The proposed impedance matching device can be combined with different types of antennas. The device is thus not limited to halfway dipoles only. It entails either no difficulty in adapting the device to retractable antennas.

The impedance matching device 16 can be manufactured with a very simple method. The dielectric material is die cast wherein the device is formed in one piece under high pressure and high temperature. A suitable choice of material for die casting are ceramics. Ceramics are sintered, non-conductive material reminiscent of glass. Ceramics are salt mixtures of Cobolt, etc. metal oxides of Barium, At the casting formed (s> 10).
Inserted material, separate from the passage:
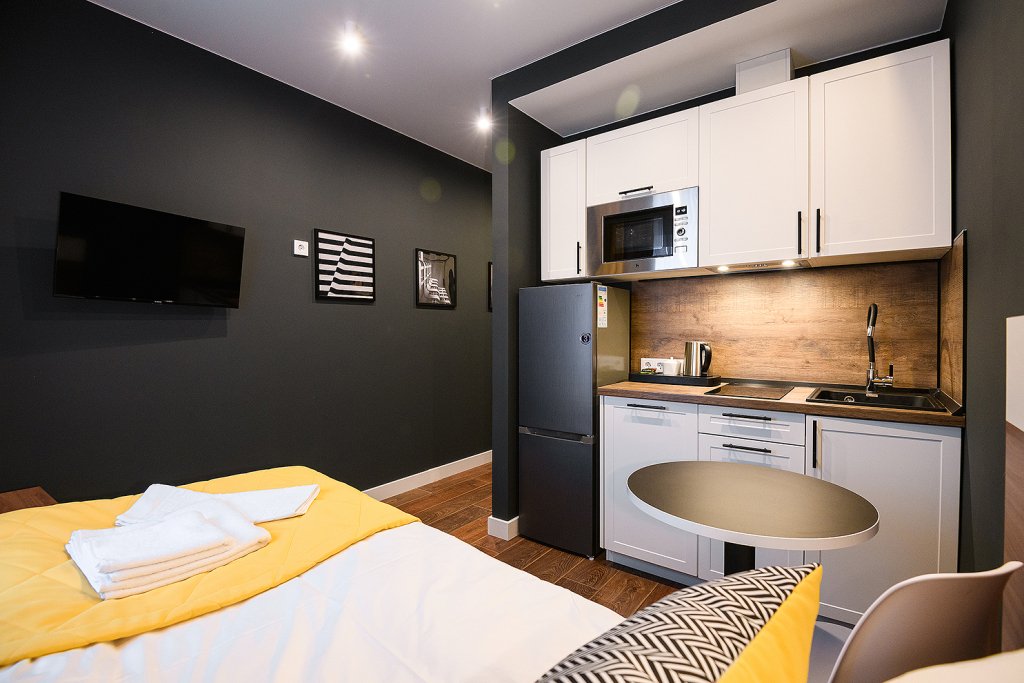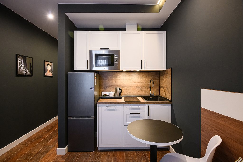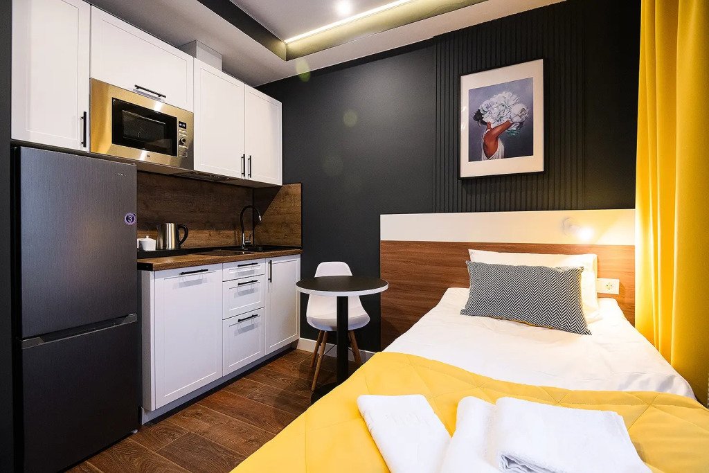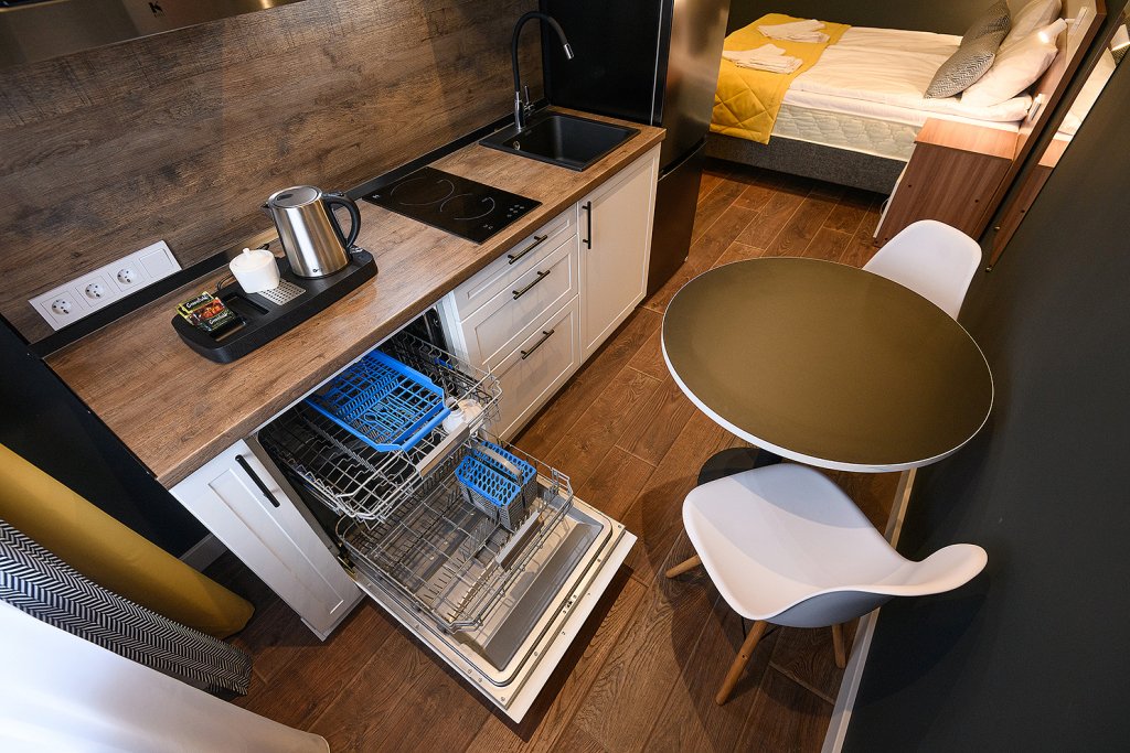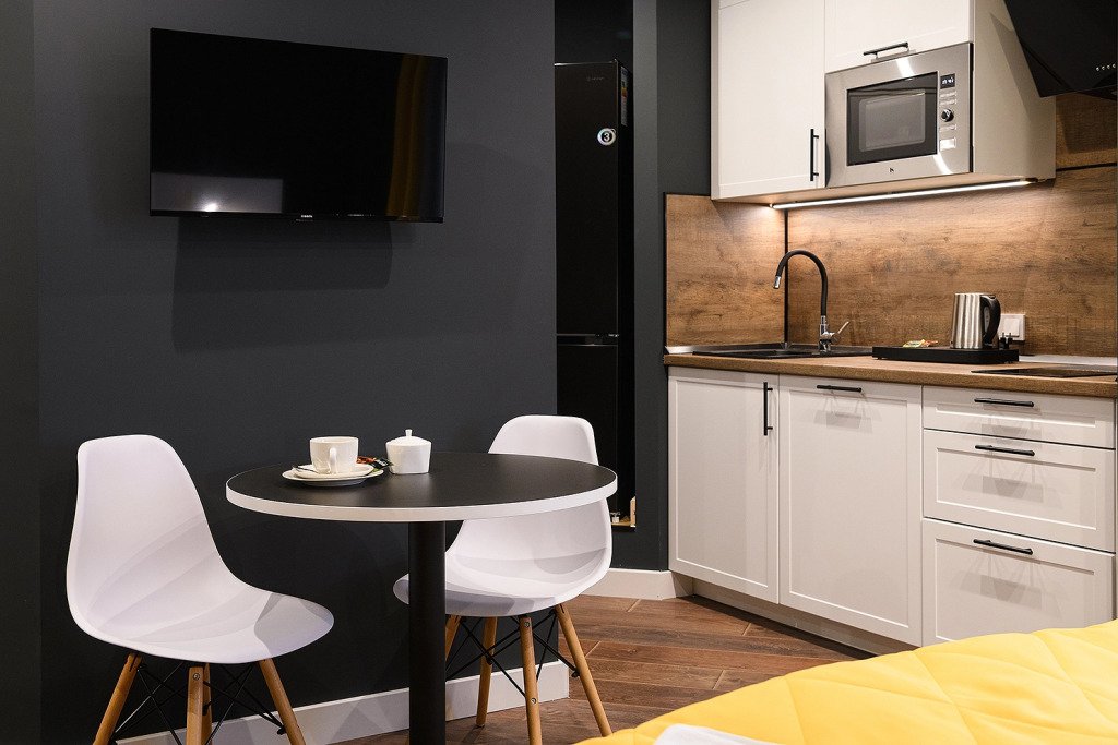 Каждый номер укомплектован для проживания и работы как на короткий, так и на длительный срок. Собственная кухня оснащена необходимой техникой: микроволновая печь, электрический чайник, плита, холодильник, посудомоечная машина и кухонная утварь для готовки. Гости всегда могут приготовить себе чай, воспользовавшись чайной станцией. В номерах есть стиральные машины, а также гладильные принадлежности и прочие мелочи, телевизор, доступ к Wi-fi. В качестве бонуса в номерах присутствуют косметические наборы, банные полотенца и тапочки, а в номерах категорий «Полулюкс» и «Люкс» также предоставляются халаты. Из номеров категории «Люкс» открывается панорамный вид города.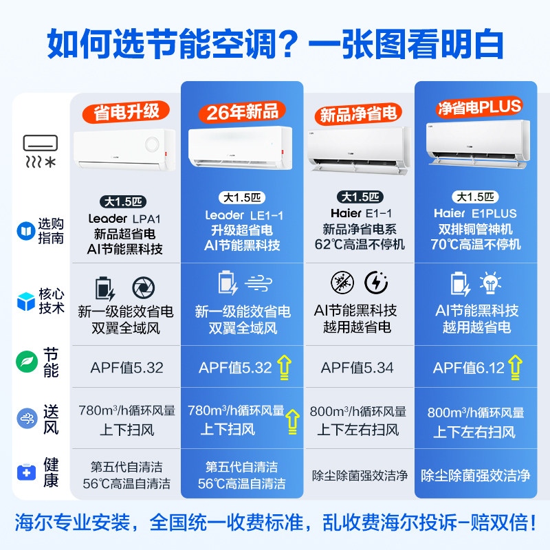 【纯铜管】海尔空调1.5匹1匹家用一级变频冷暖挂机净省电E1旗舰店

Manganese, dielectric dielectric numbers Various material with high compositions of metal oxides give new ceramics with other dielectric numbers. The walls on it finished part of dielectric material is coated, coated, sprayed with metal or dipped in a metal bath. The the solidifying metal then forms outer conductors and inner conductors.

Depending on the wishes, the inner conductor can be made homogeneous or hollow.

Quartz wave transformers have not been special before interesting to use in small radio devices. The invented the design means that it is possible to manufacture impedance matching devices with sufficiently small dimensions for them to be interesting to use in small radio devices. Material with dielectric number such as exceeding 10, such as ceramics, is an important part of the construction. The invented matching device can included in a variety of radio equipment and devices 11 512 036 for radio communication. Examples of such devices are terminals and microbase stations for mobile radio communications and GPS equipment such as satellite receiver.

The invention is of course not limited to those above described and shown in the drawing, without may be modified within the scope of the appended claims.

Claims (8)

10 15 20 25 30 512 036 12 PAIENTKRAV An impedance matching device (16) which is arranged between an antenna (12) included in a radio equipment (10) and a power supply stage, for example an output power stage, the impedance ratio of which exceeds a factor of 3, characterized in that the impedance matching includes at least two series-connected (18 , 20) with a dielectric number of quartz wave transformers which consist of a dielectric (28) whose value exceeds 10. 2. An impedance matching device according to claim 1, characterized in that the outer and inner walls (26 and 30) of the dielectric material (28) are metallized and constitute outer and inner conductors, respectively, in the device (16). Impedance matching device according to claim 2, characterized in that the impedance matching includes at least two quartz wave quarter wave transformers with different distances between outer and inner walls (26,30). Impedance matching device according to one of Claims 1 to 3, characterized in that the inner conductor is hollow. Impedance matching device according to one of Claims 1 to 4, characterized in that the inner conductor has a different radius for each new quarter-wave transformer stage. 6. An impedance matching device according to any one of claims 1-4, characterized in that the inner conductor is hollow and has a smooth and continuous transition between each transformer stage and that the radius over a stage varies continuously. 5 iß 512 oss Impedance matching device according to one of Claims 1 to 6, characterized in that the impedance matching is integrated with the antenna (14) of an antenna unit (12). Impedance matching device according to one of Claims 1 to 7, characterized in that the impedance matching device is included in radio communication equipment.